The songs are full of longing and rage, as a disoriented singer wanders through an emotional landscape in a search for solace and redemption. At one point, he sings to the birds as though they were the embodiment of the soul of his sister:

Are you an owl,
Soft-feathered predator?
Are you hunting, restlessly hunting
The soul of your murderer?

Heggie said the structure is loosely modeled on an 1827 song cycle by Franz Schubert.

“If you consider Schubert’s ‘Winterreise,’ which is this man who has experienced an incredible loss and is out in nature, looking for how to make sense of it,” he said. “It’s a very similar journey, trying to find where your loved one is, what happens to them. Could I have done anything?”

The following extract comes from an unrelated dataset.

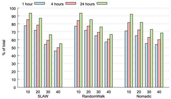 The experiments were performed during 24 h. Then, we split this historical data in 6 fragments of 4 h each, and also in 24 fragments of 1 h each. The results of every individual fragment were analysed and the average values of every fragment was computed. Figure 3 plots the predictability limit (percentage of TC messages that have already appeared in the past) for the three considered HDWS (i.e., 1, 4 and 24 h), with three different mobility models for the nodes (i.e., self-similar least action walk (SLAW), RandomWalk and Nomadic), and for 10 to 40 nodes participating in the network. The predictability limits range from 50% to more than 90%, with very low variance (average variance: 0.024% and maximum variance: 0.108%). As expected, the predictability limit increases with a larger HDWS; particularly, a HDWS of 24 h achieves the highest predictability limit, and a HDWS of 1 h presents the lowest values. These results can be explained, because in a 24 h time-period, there is a higher opportunity to find TP messages that have already appeared in the past.

“Songs for Murdered Sisters” has been presented as a chamber piece, a film, released as an album, and now an orchestra piece. So far it has always been sung by Hopkins.

Heggie has not yet heard his own orchestration of “Songs.” He was not able to attend the Canadian premiere almost two years ago. He plans to be at Carnegie Hall to finally hear the realization of his work.

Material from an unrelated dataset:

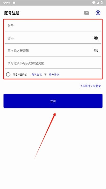 3、然后输入账号密码等信息,同意相关协议,点击注册即可

He said when Hopkins is backed by a full orchestra, he will sound lonelier than ever.

“There is so much around him, so many bodies, so much sound around him. And yet, he’s on this very personal journey,” Heggie said. “He’s only got his voice. There’s something very isolating about that, which I find very, very moving.”

“Songs for Murdered Sisters” will be performed with Mahler’s nine symphony, in Philadelphia at Marion Anderson Hall on Jan. 9 and 11. The Philadelphia Orchestra will take the program to Carnegie Hall in New York City on Jan. 15.